Fin de semana en Barcelona. El motivo, además de disfrutar de los pocos días libres que voy a tener de aquí a que me jubile, no era otro que el concierto de Bruce Springsteen. En un Camp Nou entregado, con una media de edad muy superior a la mía, dio todo un recital de lo que hoy se debería conocer como un múscio o un artista. Canciones como Born to run, The River, Waiting on a sunny day, Jungleland o el clásico de los Beatles Twist and shout, mezclado con la Bamba, me hicieron divertirme como un loco y ver que me encontraba ante uno de los más grandes.

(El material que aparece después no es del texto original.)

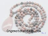 Details: Hand-knotted jasper mala necklaces: 108 8mm/10mm round pink zebra jasper beads with rose quartz pendant/12mm guru bead and rose quartz pendant (you can choose different pendants, but there will be tiny different in shape & color, we will make the jewelry randomly according to our stock) Item: GMN5088 Material: No.1: 8mm: 108 8mm pink zebra jasper beads & rose quartz pendant 10mm: 108 10mm pink zebra jasper beads & rose quartz pendant No.2: 8mm: 108 8mm pink zebra jasper beads, 12mm guru bead & rose quartz pendant 10mm: 108 10mm pink zebra jasper beads, 12mm guru bead & rose quartz pendant Color: See image Length (inch): Necklace length: 8mm: approx 37 - 40 inches (Not including guru bead & pendant) 10mm: approx 46 - 50 inches (Not including guru bead & pendant) Quantity Discount Pricing: 1 - 4: None 5 - 49: 95% 50 - 99: 90% 100+: 85% This mala is available in both 8mm and 10mm beads, The listed price is for 1 piece 8mm mala necklace

Mis amigos que lo habían visto en Madrid y San Sebastián, me habían avisado que durante las tres horas de duración del concierto, no te daba tiempo a aburrirte demasiado, incluso aunque no supieras las canciones del nuevo disco, algo totalmente cierto. De hecho, mi amiga Virginia me dijo que eso sí que era un concierto y no los que solemos ir.
Yo pensaba que después de haber visto hace dos semanas a The Police y haber comprobado el chorro de voz que tiene Sting, no me podía sorprender. Pues no, las comparaciones son odiosas, pero a The Boss, lo llaman así por algo. Sería poco serio hablar solo de Bruce y no de la E Street Band, vaya músicos, qué batería, qué saxofón, qué solos de guitarra, incluso destacar la presencia de Steve Van Zandt, actor de Los Soprano. Una pasada.
Pero Barcelona no solo era Bruce Springsteen, también fue una visita a una ciudad desconocida para mi hasta entonces, fue un día de playa, fue un paseo por las Ramblas, una vista al puerto, fue una salida nocturna por el Borne, y fue disfrutar de una buena compañía.
En fin, qué poquito me queda. Paso los días mirando el calendario con deseo de que llegue el día 31 y con él las vacaciones. Ni la búsqueda de piso, ni mi modificación salarial, ni el hecho de que esta semana trabaje solo tres días, ni que esté próximo mi cumpleaños (motivo de tristeza y no de alegría en mi caso), ni el viaje a NYC, ni las fiestas de San Roque, pueden dejar que piense en el día 31.